### ACTION ITEM:
Write out exactly the lines running from the one with "در منطق، به" to the end of the data, including both of those lines and excluding pictures.

### DATASET SECTION:
....

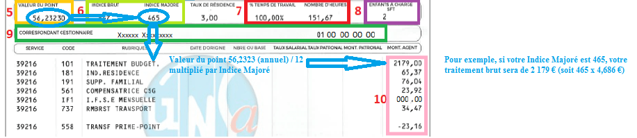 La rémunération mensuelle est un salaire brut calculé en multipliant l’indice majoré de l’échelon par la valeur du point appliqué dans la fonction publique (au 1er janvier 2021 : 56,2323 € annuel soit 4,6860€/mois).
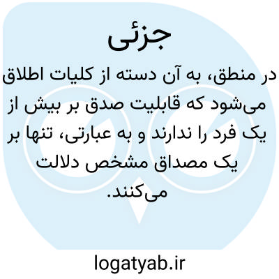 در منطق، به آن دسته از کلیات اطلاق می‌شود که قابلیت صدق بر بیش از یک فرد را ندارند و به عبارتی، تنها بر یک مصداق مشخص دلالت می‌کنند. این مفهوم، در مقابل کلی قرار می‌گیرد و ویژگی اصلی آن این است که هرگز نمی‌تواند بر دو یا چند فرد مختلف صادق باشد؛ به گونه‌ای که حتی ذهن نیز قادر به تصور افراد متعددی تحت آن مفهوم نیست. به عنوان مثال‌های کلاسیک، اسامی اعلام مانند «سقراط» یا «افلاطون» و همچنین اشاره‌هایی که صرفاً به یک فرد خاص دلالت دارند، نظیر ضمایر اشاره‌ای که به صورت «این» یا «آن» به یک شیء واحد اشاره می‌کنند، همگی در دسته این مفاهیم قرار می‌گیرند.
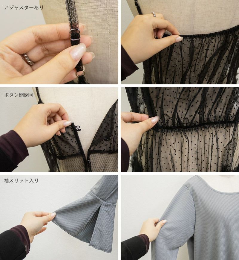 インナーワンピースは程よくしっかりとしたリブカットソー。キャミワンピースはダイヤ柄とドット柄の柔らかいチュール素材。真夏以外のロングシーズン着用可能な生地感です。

....

### ANSWER TO THE PROBLEM:
 در منطق، به آن دسته از کلیات اطلاق می‌شود که قابلیت صدق بر بیش از یک فرد را ندارند و به عبارتی، تنها بر یک مصداق مشخص دلالت می‌کنند. این مفهوم، در مقابل کلی قرار می‌گیرد و ویژگی اصلی آن این است که هرگز نمی‌تواند بر دو یا چند فرد مختلف صادق باشد؛ به گونه‌ای که حتی ذهن نیز قادر به تصور افراد متعددی تحت آن مفهوم نیست. به عنوان مثال‌های کلاسیک، اسامی اعلام مانند «سقراط» یا «افلاطون» و همچنین اشاره‌هایی که صرفاً به یک فرد خاص دلالت دارند، نظیر ضمایر اشاره‌ای که به صورت «این» یا «آن» به یک شیء واحد اشاره می‌کنند، همگی در دسته این مفاهیم قرار می‌گیرند.
 インナーワンピースは程よくしっかりとしたリブカットソー。キャミワンピースはダイヤ柄とドット柄の柔らかいチュール素材。真夏以外のロングシーズン着用可能な生地感です。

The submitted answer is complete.